By Blas R. Tabaranza Jr. (From Haring Ibon Magazine, 2004)
Norita Scott-Pezett of Audubon-Panama, a fellow BirdLife International Global Council member (1999-2004), was shocked when I told her that, as far as I know, their Harpy Eagle (Harpia harpyja) is the largest eagle in the world! “What?” she responded incredulously. “I thought all along that your Philippine Eagle (Pithecophaga jefferyi) is the largest in the world!” Huh? Really?
Since then I started to doubt what I used to know and gladly suspected that she was right. I began to believe that the Haring Ibon is the largest eagle in the world even without any solid basis yet, save for my hazy recollection of two specimens displayed in the Smithsonian Museum at Washington, D.C.

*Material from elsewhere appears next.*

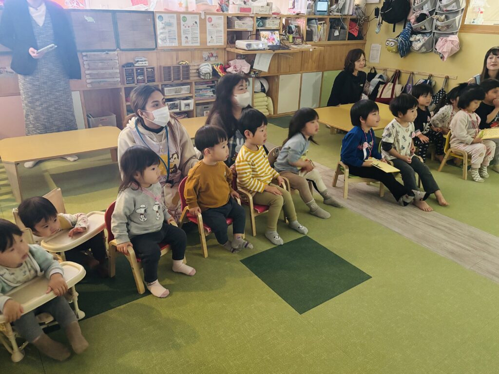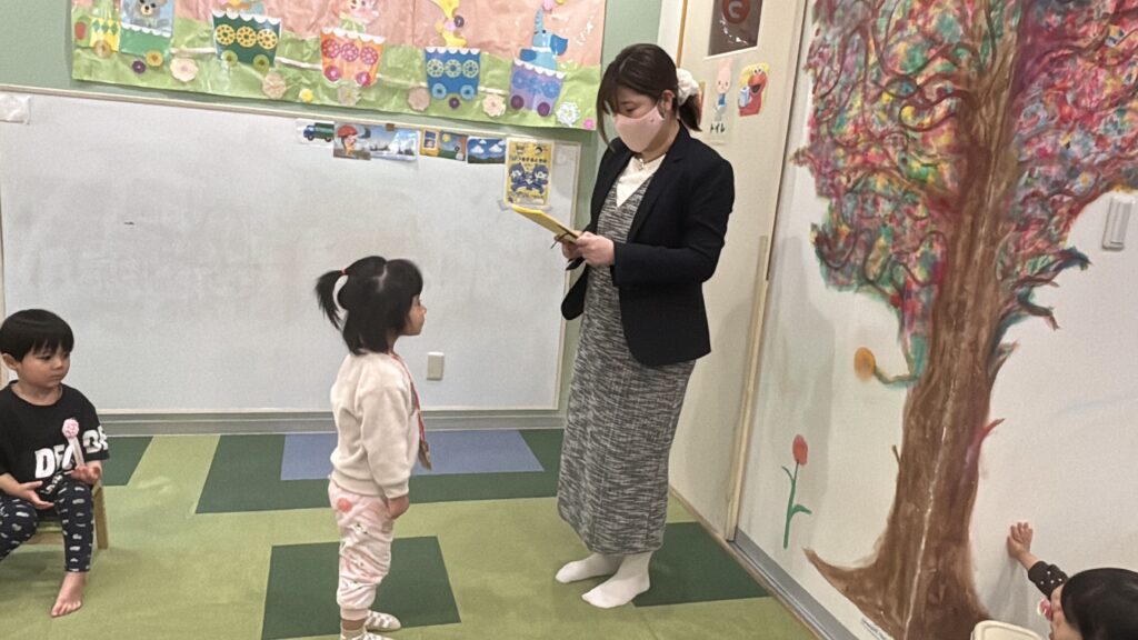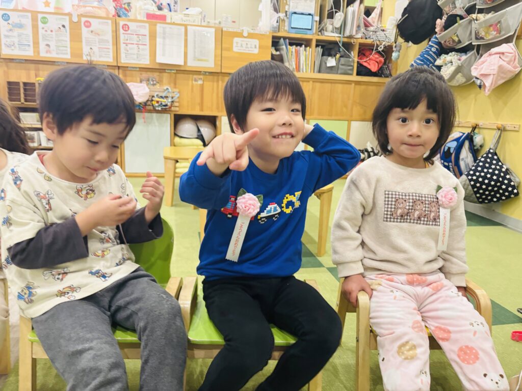 はじまりのことばから始まり、園児紹介では、卒園生の私物を元に「誰だろクイズ」をして、おともだちの皆に参加してもらいました☆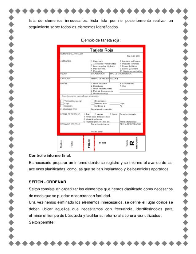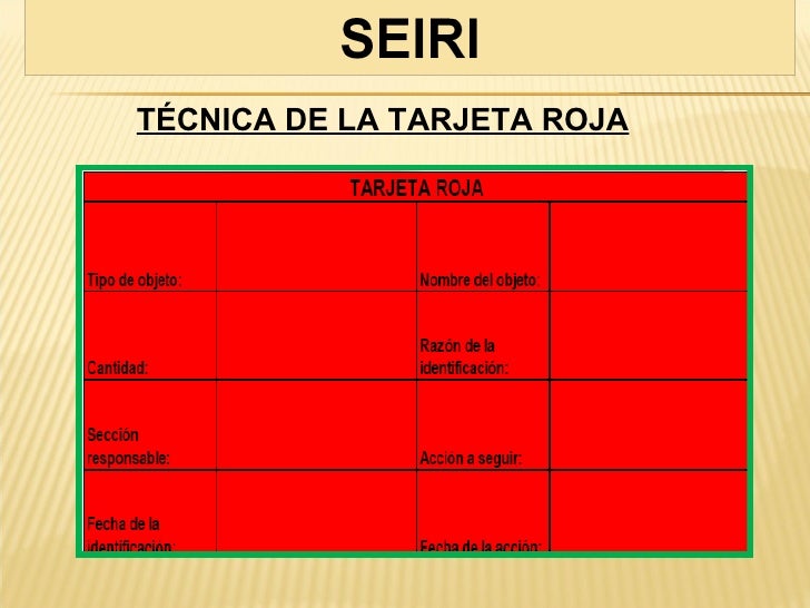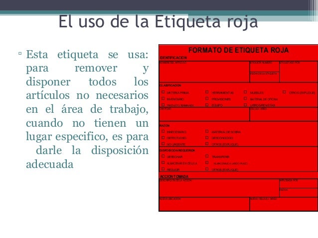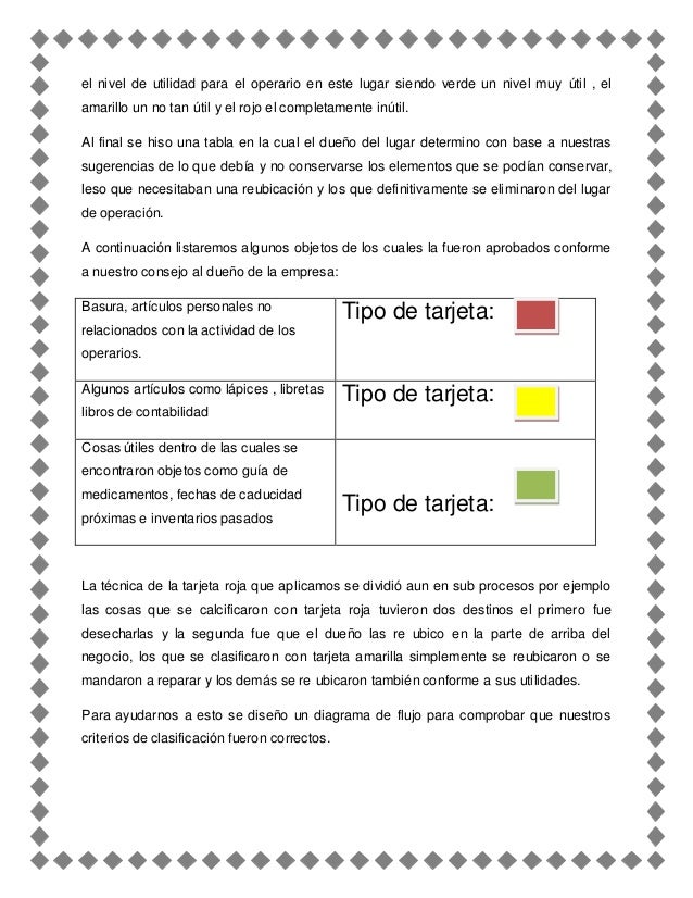 5S from image.slidesharecdn.com Figura 4.3 área de tarjetas rojas y material etiquetado… Facilitando un mayor aumento de la productividad. Se basa sobre la estrategia de la "tarjeta roja", que consiste en identificar los objetos que . "implementación de 5s como una metodología de mejora en una empresa de elaboración de pinturas". B) aplique tarjeta roja a equipos, artículos, herramientas o materiales sobre los que el uso sea dudoso. La tarjeta roja significa que es necesario aplicar las tres "3" primeras "s" ya que el área o estación de trabajo requiere de mejora. Tarjetas rojas a todos los elementos innecesarios con lo que hacemos . De mantenimiento de las mejoras alcanzadas con la aplicación de las 5s.

Who or what authority proclaims which eagle is the largest in the world, anyway? What would be the basis? I personally had no access to any documents about it. Or perhaps, I was not looking hard enough in the right places.
Then on September 26, 2004, Haribon Executive Director Anabelle Plantilla and I had a meeting with Dr. Robert Kennedy at the Harvard University Museum of Natural History in Boston. (Dr. Kennedy is the principal author of the book A Guide to the Birds of the Philippines. He has extensively studied the Haring Ibon with excellent video documentation. He is a founding member of the Haribon Foundation).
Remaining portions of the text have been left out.